Serving a custom catch-all web page on a private WiFi

Sometimes you would like to publish a specific private web page for your WiFi users. For example, you want to allow the guests in your restaurant to access the on-line version of your menu while using your open WiFi hotspot (and no other internet web page!). It is an easy task with an OpenWRT or DD-WRT router (your web pages still need to be served from a server, not the router itself). This might be known with the keywords catch-all, wildcard, HTTP, DNS.

First we need to make sure we catch all DNS requests and return the IP of our web server for all different domains. The trick is in an additional DNSMasq configuration option (192.168.1.5 is your web server):
address=/#/192.168.1.5
Of course, your DHCP server should give only your DNS as the DNS server to the client. And this is all we need if the router is not connected to internet as any other hacking (e.g. entering a custom DNS server on the client or trying to use a VPN) will have no effect. But you may still enable the HTTP redirect in DD-WRT firmware just to be sure to catch the IP only web requests also.

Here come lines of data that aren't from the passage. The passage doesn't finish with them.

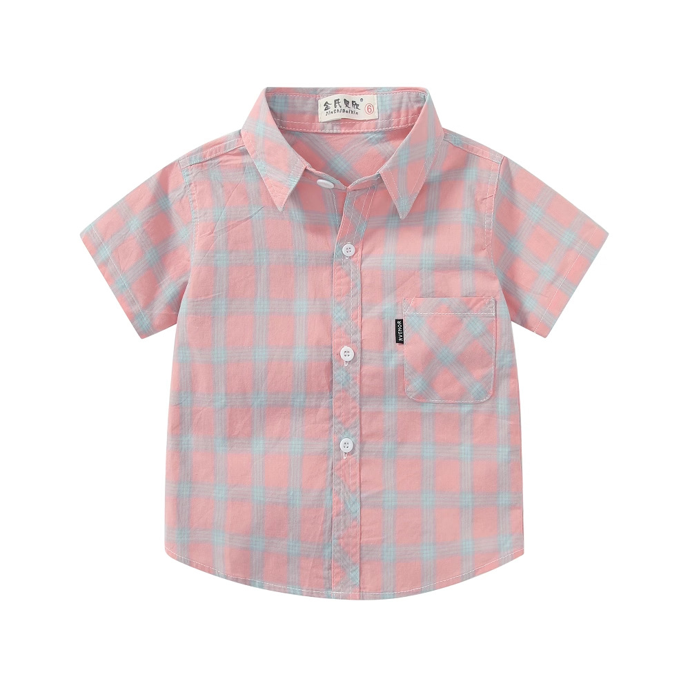 男の子の半袖のシャツの純綿の子供服の中で大きい子供の上着の赤ちゃんの子供の格子のシャツの女の子の洋気の半分の袖のシャツ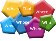 We use the words ‘who’, ‘which’ and ‘that’ in relative clauses. These words are called relative pronouns. The difference between these words is that we use ‘who’ for people, ‘which’ for things and animals and ‘that’ for people, things and animals.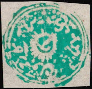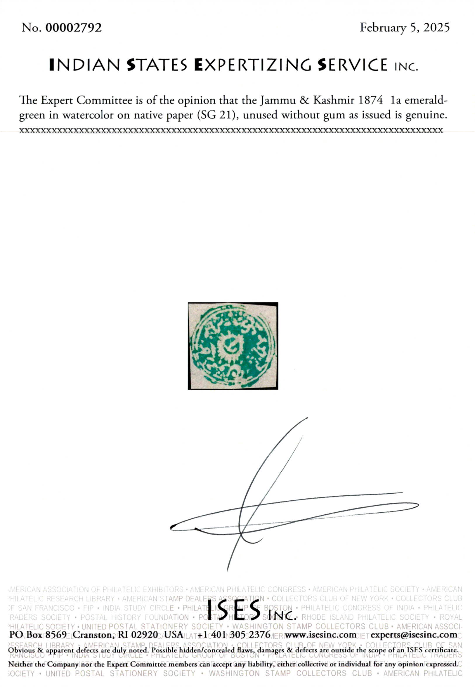 1874 1a emerald-green in watercolor on native paper. Unused without gum as issued. 2025 ISES certificate.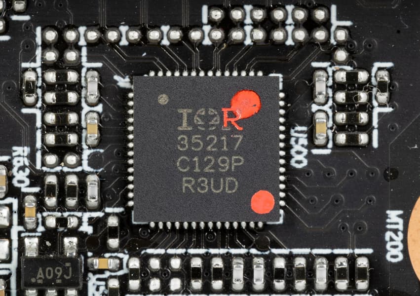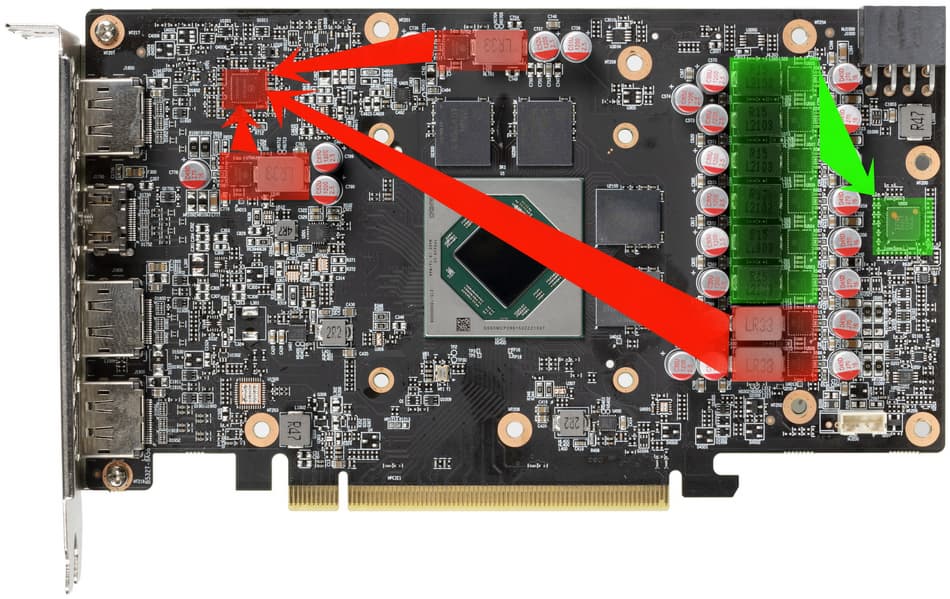 Зеленым цветом отмечена схема питания ядра, красным — памяти. ШИМ-контроллер IR35217 (IOR/Infineon) управляет 6 фазами питания GPU.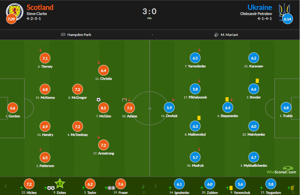 Що стосується збірної України, то найвища оцінка в воротаря Анатолія Трубіна — 6,8. Найгірший гравець цього матчу Михайло Мудрик — 5,7.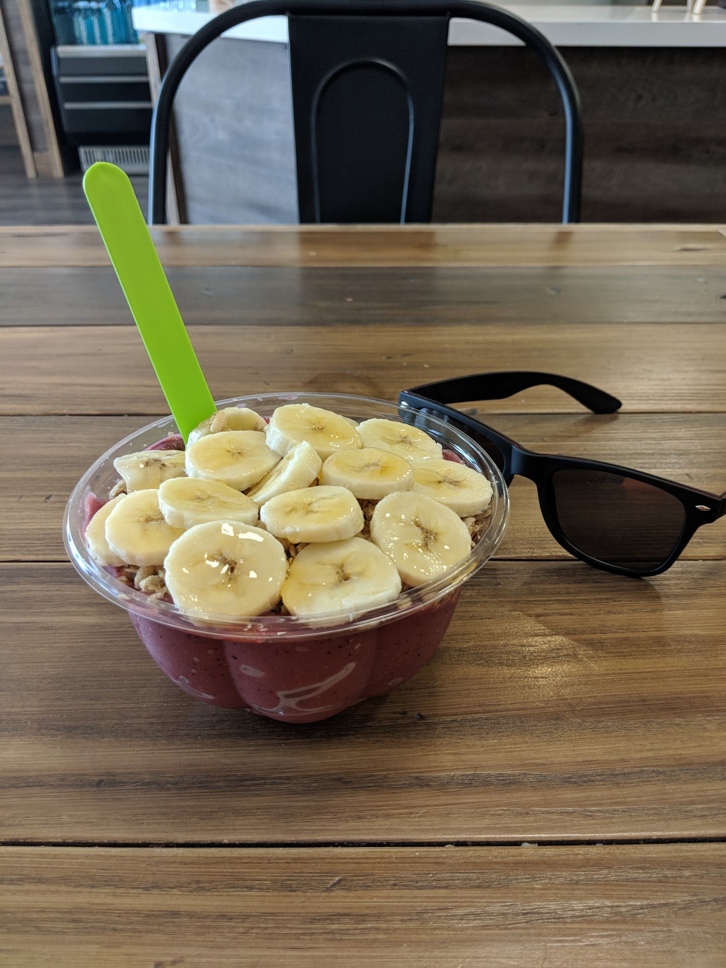 The PB Smoothie was OK, it was a bit sweet and tasted like it had strawberry purée with sugar in it instead of regular strawberries. The açaà bowl was OK, not super flavorful.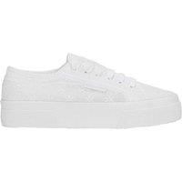 Upper: Cotton Canvas. Lining: Organza. Insole: Synthetic. Midsole: Synthetic. Outsole: Durable, Vulcanised Rubber. 6 Eyelets. Cotton Lace, Engraved Aluminium Eyelets. Platform. Heel Height: 3.5cm. Cut: Low. Design: Flower, Logo, Sangallo. Toe Style: Round. Fastening: Lace Up. | Superga Women's 2740 Sangallo Flower Trainers in White | Size: 5.5

When all domains are redirected to our IP address we need to instruct the web server to serve the same page for all requests (ignoring the Host header) which is pretty easy and the most common default configuration. But for visual effect you can server your page on myrestaurant.com (it doesn't matter if the domain exists or not as long as you use it only inside your internal network) and force a http redirect to it if a guest is trying to access any other domain (e.g. facebook.com or google.com). A hint for Apache users (others should google for "http redirect 301" and your web server name):
Redirect 301 / http://www.newdomain.com/

Of course it is highly recommended not to use this wireless network for anything else as it will look bogus from users perspective (web pages not loading etc.). Use a firewall or do not connect the router to internet at all.

Resources for DNSMasq configuration:

http://serverfault.com/questions/351108/using-dnsmasq-to-resolve-all-hosts-to-the-same-address
http://www.dd-wrt.com/wiki/index.php/DNSMasq_-_DNS_for_your_local_network_-_HOWTO
http://coolaj86.info/articles/redirect-domains-and-dns-using-dd-wrt.html

WARNING: this guide is not yet tested but in theory it should work. This warning will be removed when I actually test it (or get a confirmation that it works).